At least for the earlier Llama 70B demo, they claimed to be running unquantized....

tome · on Feb 19, 2024

The weights are quantized to FP8 when they're stored in memory, but all the activations are computed at full FP16 precision.

youssefabdelm · on Feb 19, 2024

Can you explain if this affects quality relative to fp16? And is mixtral quantized?

tome · on Feb 19, 2024

We don't think so, but you be the judge! I believe we quantize both Mixtral and Llama 2 in this way.

a_wild_dandan · on Feb 19, 2024

Is your confidence rooted in quantified testing, or just vibes? I'm sure you're right, just curious. (My reasoning: running inference at full fp16 is borderline wasteful. You can use q7 with almost no loss.)

monkmartinez · on Feb 20, 2024

I know some fancy benchmark says "almost no loss", but... subjectively, there is a clear quality loss. You can try for yourself, I can run Mixtral at 5.8bpw and there is an OBVIOUS difference between what I have seen from Groq and my local setup beside the sound barrier shattering speed of Groq. I didn't know Mixtral could output such nice code and I have used it A LOT locally.

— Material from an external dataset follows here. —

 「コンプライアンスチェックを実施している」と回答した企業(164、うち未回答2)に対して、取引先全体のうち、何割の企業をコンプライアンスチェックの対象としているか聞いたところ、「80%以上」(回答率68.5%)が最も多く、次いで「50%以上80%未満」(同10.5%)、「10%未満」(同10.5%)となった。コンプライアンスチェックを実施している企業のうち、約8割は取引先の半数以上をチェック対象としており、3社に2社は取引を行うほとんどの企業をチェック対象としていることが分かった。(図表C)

doctorpangloss · on Feb 20, 2024

Yes, but this gray area underperformance that lets them claim they are the cheapest and fastest appeals to people for whom qualitative (aka real) performance doesn’t matter.

tome · on Feb 19, 2024

What quantified testing would you like to see? We've had a lot of very good feedback from our users, particularly about Mixtral.

bearjaws · on Feb 19, 2024

Nothing really wrong with FP8 IMO, it performs pretty damn well usually within 98% while significantly reducing memory usage.